• Task objective: Leave the pictures out and print every record below exactly as it stands.

Records excerpted from a collection:
○ ○ ○ ○ ○ ○ ○
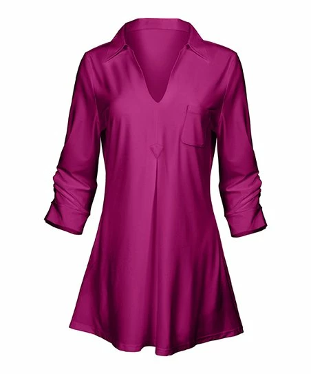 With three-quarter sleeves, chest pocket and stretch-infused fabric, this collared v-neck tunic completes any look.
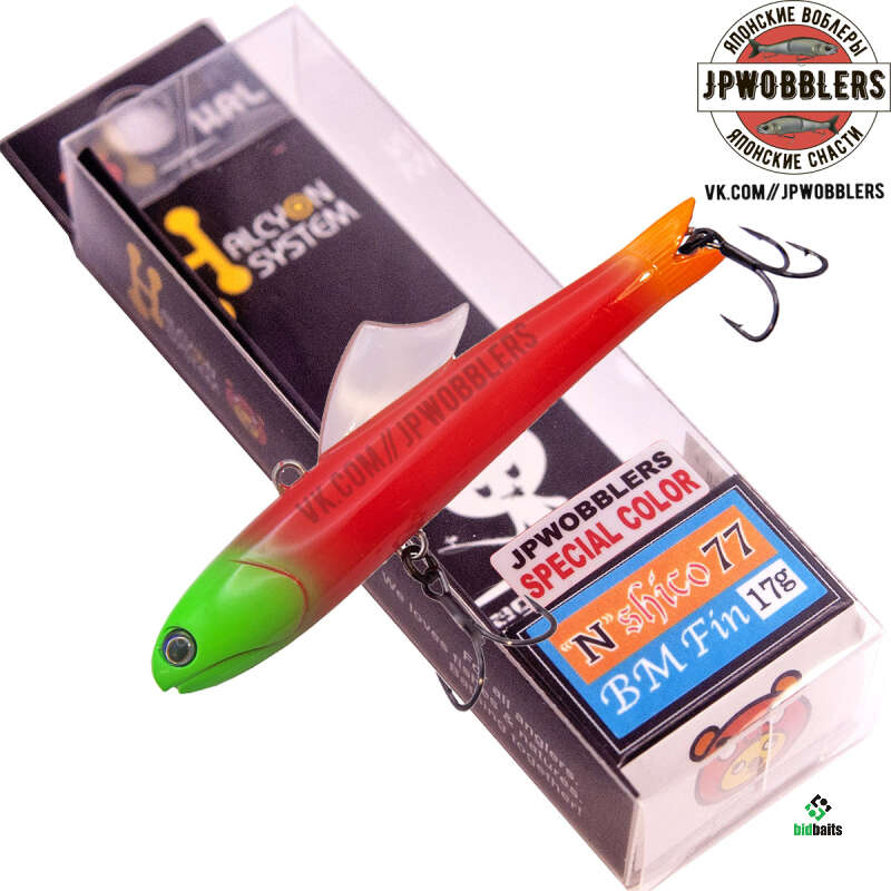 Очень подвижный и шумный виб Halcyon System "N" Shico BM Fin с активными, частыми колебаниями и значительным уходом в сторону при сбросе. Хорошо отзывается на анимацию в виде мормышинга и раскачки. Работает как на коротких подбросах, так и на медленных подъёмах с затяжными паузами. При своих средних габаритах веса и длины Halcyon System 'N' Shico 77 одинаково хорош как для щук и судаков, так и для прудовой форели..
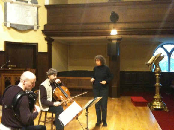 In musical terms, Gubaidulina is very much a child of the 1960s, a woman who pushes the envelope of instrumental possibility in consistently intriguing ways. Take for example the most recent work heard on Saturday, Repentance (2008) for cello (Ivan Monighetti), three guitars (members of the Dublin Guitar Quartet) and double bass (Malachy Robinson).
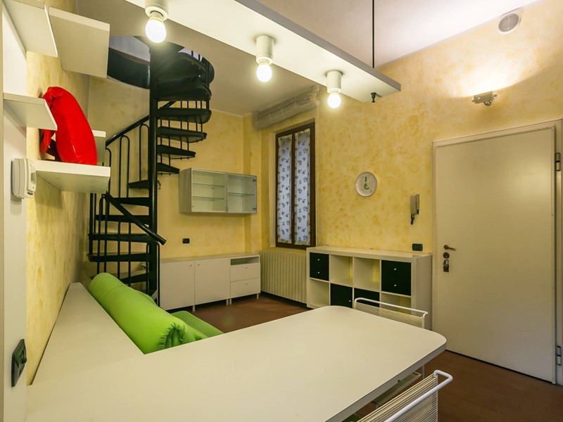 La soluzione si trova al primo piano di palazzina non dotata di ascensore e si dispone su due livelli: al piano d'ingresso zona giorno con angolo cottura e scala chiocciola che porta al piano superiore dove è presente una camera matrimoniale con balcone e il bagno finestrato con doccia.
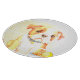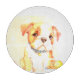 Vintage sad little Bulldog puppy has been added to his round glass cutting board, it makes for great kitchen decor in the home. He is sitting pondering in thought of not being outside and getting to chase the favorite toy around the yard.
○ ○ ○ ○ ○ ○ ○
• Answer below:
 With three-quarter sleeves, chest pocket and stretch-infused fabric, this collared v-neck tunic completes any look.
 Очень подвижный и шумный виб Halcyon System "N" Shico BM Fin с активными, частыми колебаниями и значительным уходом в сторону при сбросе. Хорошо отзывается на анимацию в виде мормышинга и раскачки. Работает как на коротких подбросах, так и на медленных подъёмах с затяжными паузами. При своих средних габаритах веса и длины Halcyon System 'N' Shico 77 одинаково хорош как для щук и судаков, так и для прудовой форели..
 In musical terms, Gubaidulina is very much a child of the 1960s, a woman who pushes the envelope of instrumental possibility in consistently intriguing ways. Take for example the most recent work heard on Saturday, Repentance (2008) for cello (Ivan Monighetti), three guitars (members of the Dublin Guitar Quartet) and double bass (Malachy Robinson).
 La soluzione si trova al primo piano di palazzina non dotata di ascensore e si dispone su due livelli: al piano d'ingresso zona giorno con angolo cottura e scala chiocciola che porta al piano superiore dove è presente una camera matrimoniale con balcone e il bagno finestrato con doccia.
 Vintage sad little Bulldog puppy has been added to his round glass cutting board, it makes for great kitchen decor in the home. He is sitting pondering in thought of not being outside and getting to chase the favorite toy around the yard.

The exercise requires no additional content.